AS TOUGH AS OLD BOOTS
AS TOUGH AS OLD BOOTS
In 1975, Ellis Brigham received an unusual letter. Stamped with a Norwegian postmark, enclosed was simply a cheque for £30 and a piece of paper with a hastily drawn outline of a foot. 40 years later, the sender of that curious piece of mail, John Burnham recounts the story behind it...

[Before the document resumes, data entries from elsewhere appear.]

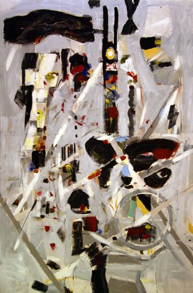 Curator: Wow, the first thing that hits you is this overwhelming sense of introspection, right? That muted palette and dissolving form. It's like a memory struggling to hold itself together. Editor: Indeed. This painting is entitled “Self-portrait as Charles Darwin” by Adrian Ghenie. It's a really compelling example of how Ghenie grapples with history and identity, using oil paint to create a textured and almost visceral experience. Curator: Visceral is the perfect word. You see the pose, the iconic beard, and there’s Darwin. But his face! It’s so distorted, almost melting. Like the weight of his own revolutionary thinking is consuming him, or the artist? It’s unnerving, in a strangely beautiful way. Editor: Ghenie is known for inserting himself into these historical narratives, almost as a form of commentary. Darwin, with his theory of evolution, shattered existing paradigms. Perhaps Ghenie is reflecting on how art itself can be a disruptive force, challenging conventions. I find myself thinking about how the legacy of Darwin has played out over the 20th and 21st centuries and what an artist like Ghenie makes of that, painting today. Curator: Absolutely, and you can almost feel the influence of artists like Francis Bacon in the way the face is rendered. It's not just a likeness; it's a raw emotional landscape. And the surroundings, the hints of other paintings in the background… Is he in his studio? Is it chaos of his creative process reflecting back to him? Editor: That ambiguity is key. The setting isn't clearly defined. It contributes to this sense of unease and the instability of the self that the portrait conveys. He’s collapsing the boundaries between past, present, and this space in the middle. Curator: It really makes you question the solidity of identity itself. Are we just the sum of our experiences, constantly evolving and dissolving? Dark thought maybe. Editor: It is, but great art often forces us to confront those kinds of unsettling truths, and reflect upon their legacy, too. Curator: Ghenie gives us plenty to reflect on in that regard. Thank you for the background! Editor: My pleasure.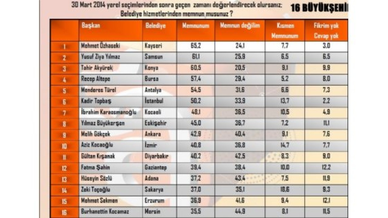 30 Mart yerel seçimlerinden sonra yapılan en kapsamlı 'memnuniyet' anketi, 30 büyükşehirde 27 bin 356 kişi ile yapıldı. Araştırmada vatandaşlara "30 Mart 2014 yerel seçimlerinden sonra geçen zamanı değerlendirecek olursanız; Belediye hizmetlerinden memnun musunuz?" sorusu yöneltildi. Kayseri Büyükşehir Belediye Başkanı Mehmet Özhaseki'nin en fazla desteği aldığı sıramalada, Samsun Büyükşehir Belediye Başkanı Yusuf Ziya Yılmaz ikinci sırada, Konya Büyükşehir Belediye Başkanı Tahir Akyürek üçüncü sırada yer aldı.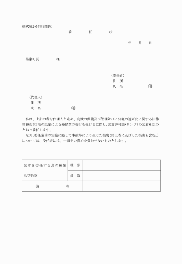 鳥獣の保護及び管理並びに狩猟の適正化に関する法律(平成14年法律第88号。以下「法」という。)第19条の規定に基づく登録票の発行事務の取扱いについては、法、鳥獣の保護及び管理並びに狩猟の適正化に関する法律施行規則(平成14年環境省令第28号)、高知県の事務処理の特例に関する条例(平成12年高知県条例第7号)及び黒潮町鳥獣の保護及び管理並びに狩猟の適正化に関する法律施行規則(平成18年黒潮町規則第99号。以下「施行規則」という。)に定めるもののほか、この訓令によるものとする。
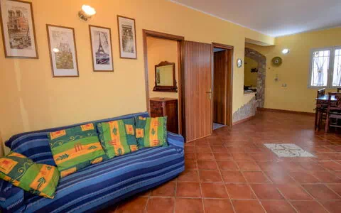 Villa 3 habitaciones 80 m2. Con mobiliario funcional y confortable: salón-comedor grande con TV satélite (pantalla plana). Salida a la terraza-jardín. 1 dorm. doble. 1 dorm. con 1 cama y 1 cama-nido. Cocina abierta (5 fogones, horno pequeño, horno, congelador) con mesa de comedor. Salida a la terraza-jardín. Ducha/bidet/WC. Calentador (80 litros). Terraza 30 m2, cubierta, terraza-jardín grande 80 m2, cubierta. Muebles de terraza, barbacoa. Vista al paisaje. El alojamiento dispone de: lavadora, plancha, secador de pelo. Internet (Wifi, gratis). 1 mascota pequeña / perro.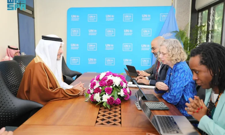 جاء ذلك على هامش أعمال الدورة السابعة لجمعية الأمم المتحدة للبيئة في نيروبي خلال الفترة من 8 إلى 12 ديسمبر 2025م، حيث عقد معاليه سلسلة من اللقاءات الثنائية، تناولت توسيع التعاون الدولي ودعم الجهود العالمية لحماية البيئة؛ وفي هذا الإطار ناقش معاليه مع المديرة التنفيذية لبرنامج الأمم المتحدة للبيئة إنغر أندرسن، سبل تعزيز التعاون المشترك بين الوزارة والبرنامج، خاصة في يتعلق بمبادرات الاستدامة والتكيف مع التغير المناخي، ودعم البرامج الأممية بجهود وطنية فعالة.

"In the summer of 1975 I was on an expedition to the Lyngen Alps in Arctic Norway. There were 6 of us from Cambridge University studying melt water streams, scree and climbing the odd mountain when we wanted a break. Not long into the expedition, my walking boots gave out completely (apparently scrambling up down scree the whole time is not great for walking boots) and I left them on a remote col and had to resort to the only other shoes I had with me: a pair of Dunlop 'Green Flash' tennis shoes. Fortunately it was largely dry and they were fine for leaping from rock to rock for a while.'
"I walked out from our camp to the nearest village on the coast which I knew had a post office. Walking out there and back again took all day. I sent a letter to Ellis Brigham (from whom various members of the expedition had purchased equipment and recommended as 'THE mountaineering shop'). I enclosed a piece of paper on which I had drawn a line round my foot, gave the size and also measured over the top of it. I asked Ellis Brigham to send some boots as quickly as possible to fit those dimensions and enclosed a cheque for £30 (which was approximately right) and said I would settle the difference on my return, and waited, hoping for the best.'
"I walked out again once and disappointingly nothing had arrived. But, a few days later and on my second walk out, the boots were there and fitted perfectly. It was a great relief to have suitable mountain footwear again!'
"By this point, the expedition was close to its end so the boots were worn but not extensively. They were, at my request, semi-rigid mountaineering boots, and although I have gone hill and mountain walking ever since, I have done no more mountaineering. Semi rigids are not ideal for walking and trekking so instead I have used them for the odd heavy task in the garden and to wear round resort every time I go skiing.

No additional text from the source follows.